Each rule defines a condition based on the tags attached to a sound event.
An event must satisfy **all** the rules you define in your configuration to be included.
If an event fails even one rule, it is discarded.
### Defining Rules in Configuration
You define these rules within your main configuration file (usually a `.yaml` file) under a specific section (the exact name might depend on the main training config, but let's assume it's called `filtering`).
The configuration consists of a list named `rules`.
Each item in this list is a single filter rule.
Each **rule** has two parts:
1. `match_type`: Specifies the _kind_ of check to perform.
2. `tags`: A list of specific tags (each with a `key` and `value`) that the rule applies to.
```yaml
# Example structure in your configuration file
filtering:
rules:
- match_type: <TYPE_OF_CHECK_1>
tags:
- key: <tag_key_1a>
value: <tag_value_1a>
- key: <tag_key_1b>
value: <tag_value_1b>
- match_type: <TYPE_OF_CHECK_2>
tags:
- key: <tag_key_2a>
value: <tag_value_2a>
# ... add more rules as needed
```
### Understanding `match_type`
This determines _how_ the list of `tags` in the rule is used to check a sound event.
There are four types:
1. **`any`**: (Keep if _at least one_ tag matches)
- The sound event **passes** this rule if it has **at least one** of the tags listed in the `tags` section of the rule.
- Think of it as an **OR** condition.
- _Example Use Case:_ Keep events if they are tagged as `Species: Pip Pip` OR `Species: Pip Pyg`.
2. **`all`**: (Keep only if _all_ tags match)
- The sound event **passes** this rule only if it has **all** of the tags listed in the `tags` section.
The event can have _other_ tags as well, but it must contain _all_ the ones specified here.
- Think of it as an **AND** condition.
- _Example Use Case:_ Keep events only if they are tagged with `Sound Type: Echolocation` AND `Quality: Good`.
3. **`exclude`**: (Discard if _any_ tag matches)
- The sound event **passes** this rule only if it does **not** have **any** of the tags listed in the `tags` section.
If it matches even one tag in the list, the event is discarded.
- _Example Use Case:_ Discard events if they are tagged `Quality: Poor` OR `Noise Source: Insect`.

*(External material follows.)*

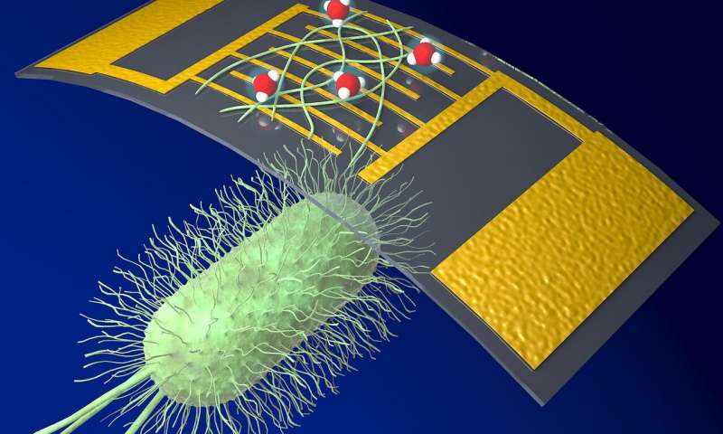 該傳感器使用源自細(xì)菌Geobacter 的導(dǎo)電蛋白納米線(xiàn)為電子設(shè)備提供生物材料。30多年前,資深作家和微生物學(xué)家德里克·洛夫利(Derek Lovley)在河泥中發(fā)現(xiàn)了Geobacter。微生物會(huì)長(zhǎng)出像頭發(fā)一樣的蛋白質(zhì)細(xì)絲,充當(dāng)納米級(jí)“金屬絲”,以轉(zhuǎn)移電荷來(lái)滋養(yǎng)它們并與其他細(xì)菌交流。
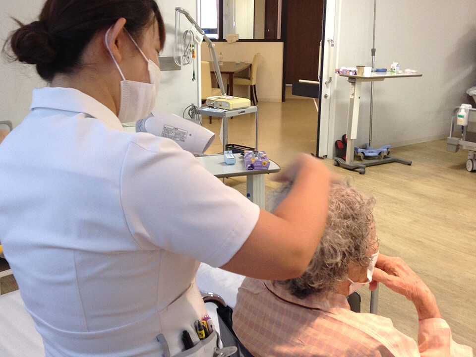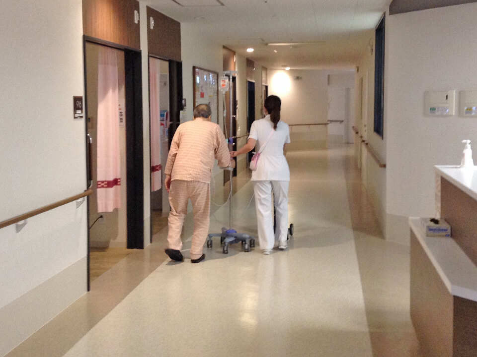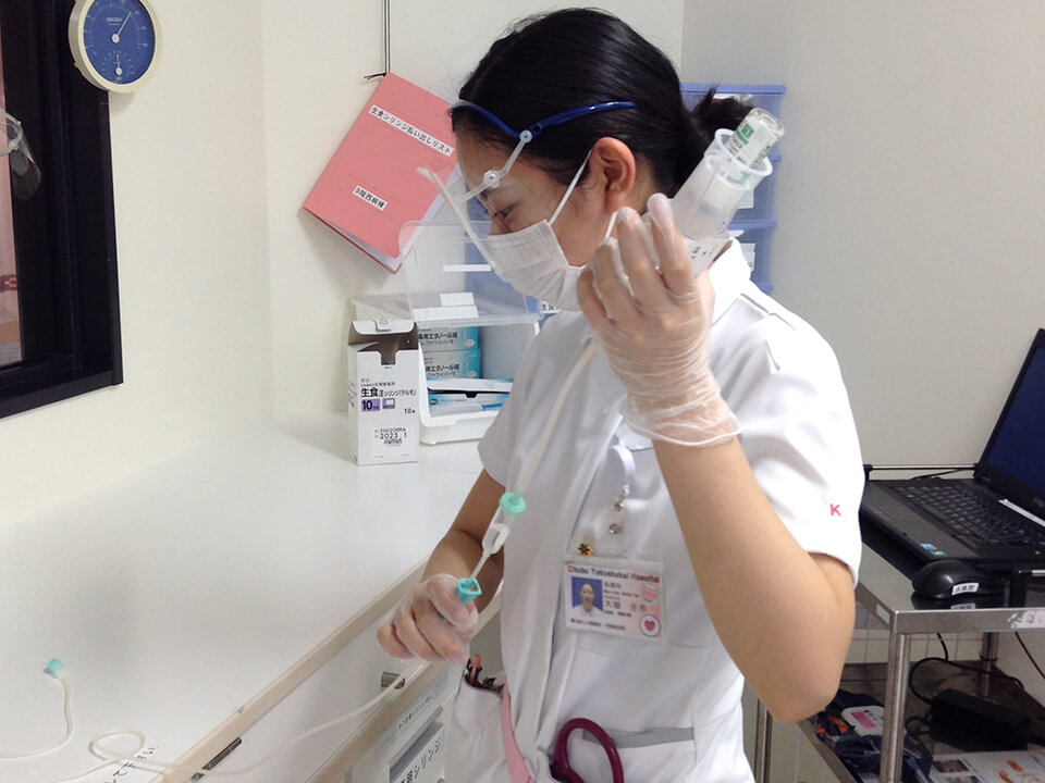 当病棟は主に肺炎や尿路感染症の急性期の患者様が多い病棟です。血液疾患では、無菌室を増設し、化学療法導入期の患者様や骨髄移植療法の患者様を中心に、苦痛緩和と感染予防の看護ケアを行っています

4. **`equal`**: (Keep only if tags match _exactly_)
- The sound event **passes** this rule only if its set of tags is _exactly identical_ to the list of `tags` provided in the rule (no more, no less).
- _Note:_ This is very strict and usually less useful than `all` or `any`.
### Combining Rules
Remember: A sound event must **pass every single rule** defined in the `rules` list to be kept.

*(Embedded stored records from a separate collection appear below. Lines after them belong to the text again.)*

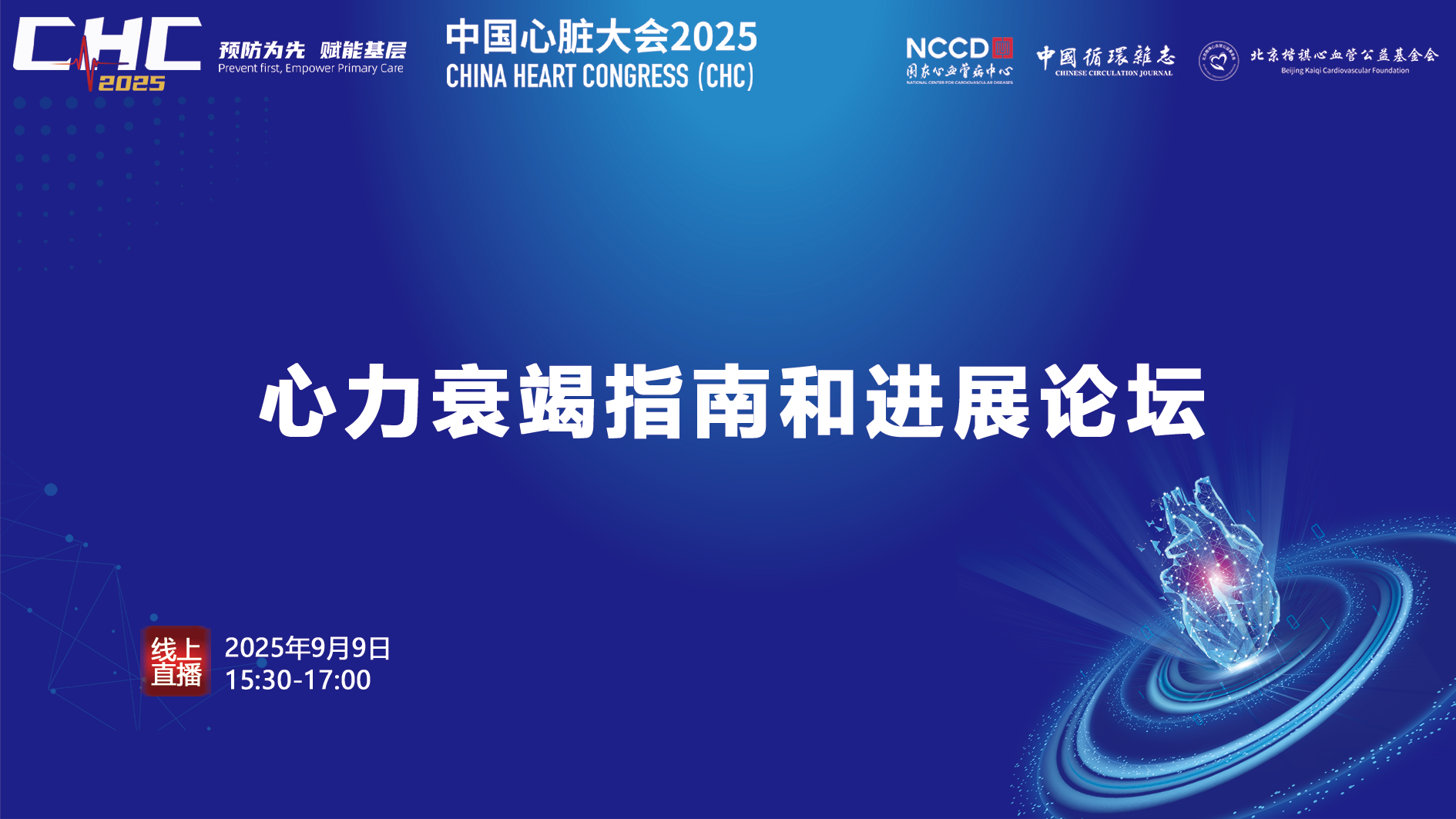 直播已结束观看回放中国心脏大会2025:心力衰竭指南和进展论坛
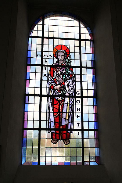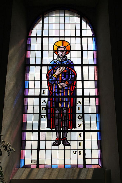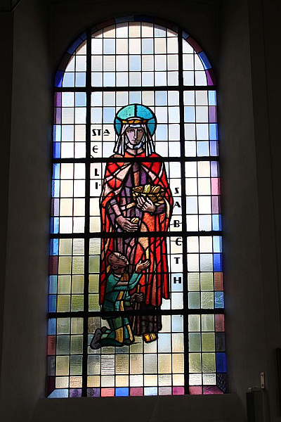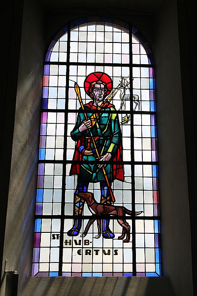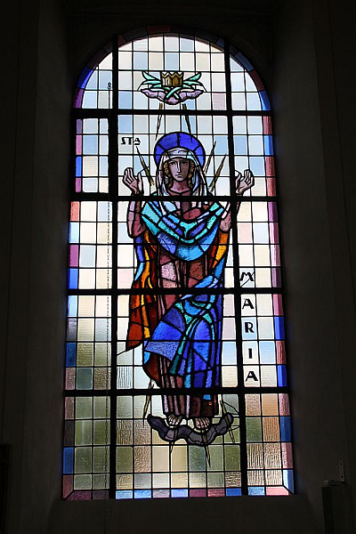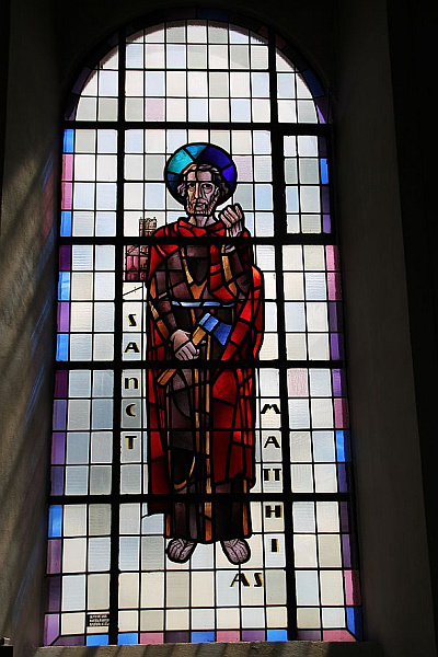 [...] Die Fenster der Frauenseite schmückten Bilder der heiligen Agnes, Maria Königin und der heiligen Elisabeth, die der Männerseite Aloysius, Christkönig und Hubertus. Zwei im Altarraum gegenüberliegende, durch eine Säule geteilte Bogenfenster wurden von Symbolen der vier Evangelisten bestimmt. Das linke und rechte Fenster im Eingangsraum hatten keine Widmung. Alle Fenster sind durch Kriegseinwirkung im 2. Weltkrieg zerstört worden. Heute sind auf der linken Seite die heilige Maria Goretti, die heilige Maria und die heilige Elisabeth von Thüringen zu sehen. Auf der rechten Seite findet man den heiligen Aloysius, dem heiligen Hubertus und unseren Bistumsheiligen Matthias. Die Fenster auf der linken Seite wurden durch Haussammlungen finanziert, die auf der rechten Seite sind Stiftungen (siehe Stiftermarken!). Die Altarraumfenster zu beiden Seiten sind zugemauert worden. Es bleibt zu hoffen, daßsie im Zuge der geplanten Restaurierungsmaßnahmen in alter Form wiedererstehen. [1]
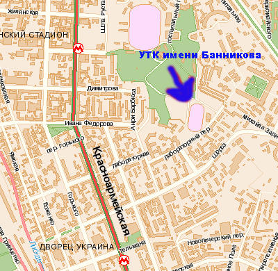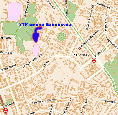 Поэтому предоставляем вам фрагменты карты, с помощью которых вам будет легче сориентироваться и таки попасть на УТК имени Банникова. Отметим, что удобнее всего добираться от станций метро Печерская или же Дворец Украина.
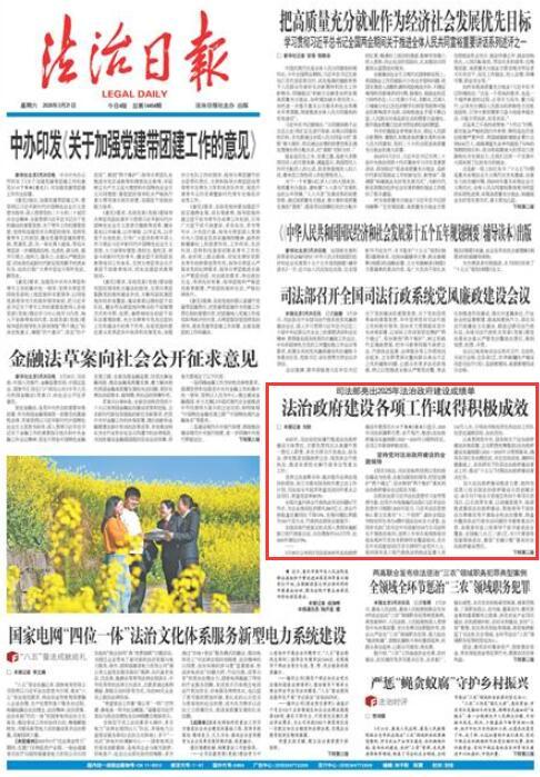 3月20日公布的《司法部2025年法治政府建设年度报告》(以下简称《报告》)显示,2025年司法部履职尽责、实干笃行,推进《法治政府建设实施纲要(2021—2025年)》顺利收官,各项工作取得积极成效。

The rules are checked one by one, and if an event fails any rule, it's immediately excluded from further consideration.
### Examples
**Example 1: Keep good quality echolocation calls**
```yaml
filtering:
rules:
# Rule 1: Must have the 'Echolocation' tag
- match_type: any # Could also use 'all' if 'Sound Type' is the only tag expected
tags:
- key: Sound Type
value: Echolocation
# Rule 2: Must NOT have the 'Poor' quality tag
- match_type: exclude
tags:
- key: Quality
value: Poor
```
_Explanation:_ An event is kept only if it passes BOTH rules.
It must have the `Sound Type: Echolocation` tag AND it must NOT have the `Quality: Poor` tag.

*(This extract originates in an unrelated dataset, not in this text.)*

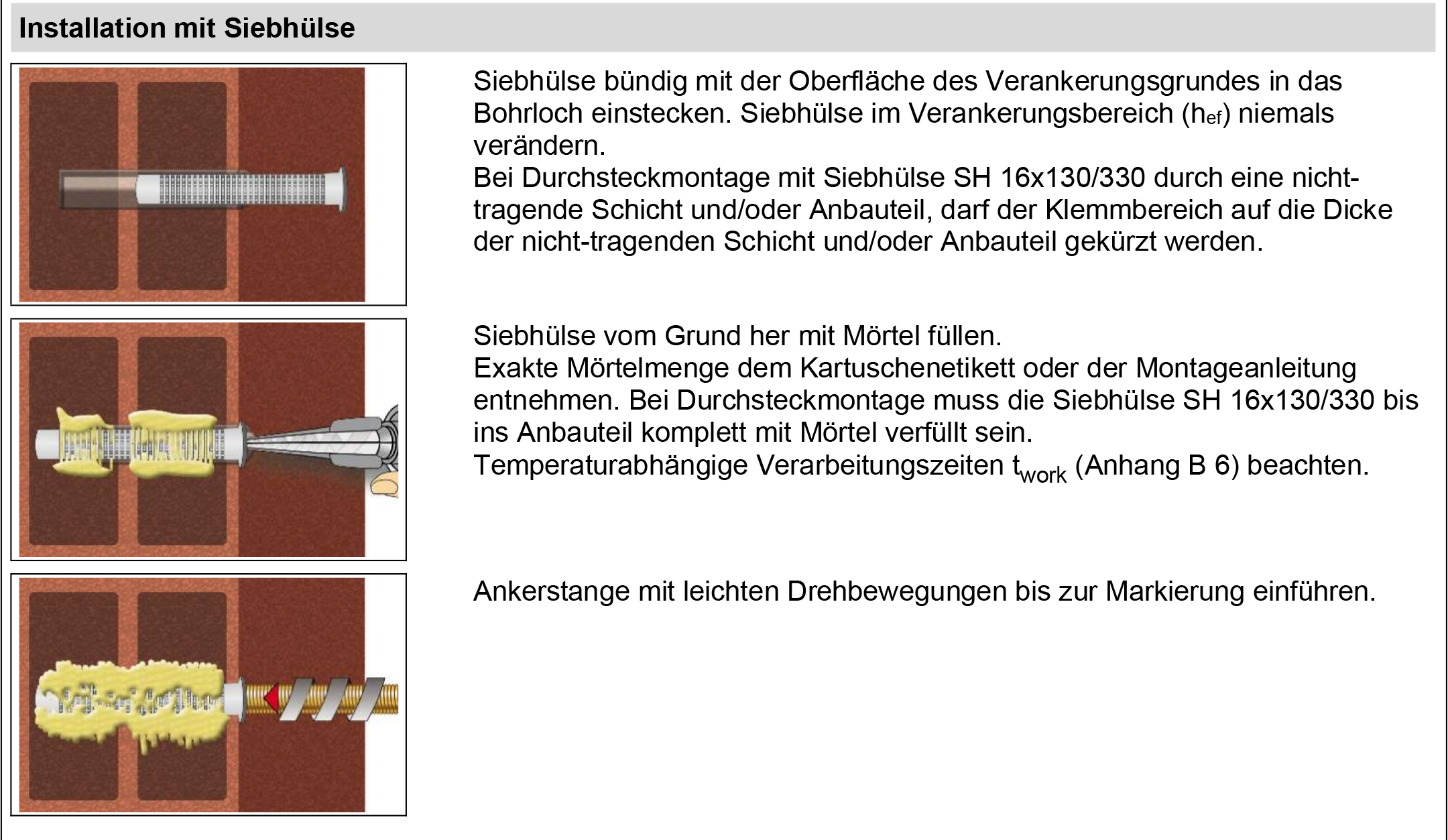 - Zulassung für Lochstein, Vollstein, Porenbeton, Porotonstein, Hohlkammerstein (Mauerwerk) M8 -M16

**Example 2: Keep calls from Pipistrellus species recorded in a specific project, excluding uncertain IDs**
```yaml
filtering:
rules:
# Rule 1: Must be either Pip pip or Pip pyg
- match_type: any
tags:
- key: Species
value: Pipistrellus pipistrellus
- key: Species
value: Pipistrellus pygmaeus
# Rule 2: Must belong to 'Project Alpha'
- match_type: any # Using 'any' as it likely only has one project tag
tags:
- key: Project ID
value: Project Alpha
# Rule 3: Exclude if ID Certainty is 'Low' or 'Maybe'
- match_type: exclude
tags:
- key: ID Certainty
value: Low
- key: ID Certainty
value: Maybe
```
_Explanation:_ An event is kept only if it passes ALL three rules:
1. It has a `Species` tag that is _either_ `Pipistrellus pipistrellus` OR `Pipistrellus pygmaeus`.
2. It has the `Project ID: Project Alpha` tag.
3. It does _not_ have an `ID Certainty: Low` tag AND it does _not_ have an `ID Certainty: Maybe` tag.
### Usage
You will typically specify the path to the configuration file containing these `filtering` rules when you set up your data processing or training pipeline in `batdetect2`.
The tool will then automatically load these rules and apply them to your annotated sound events.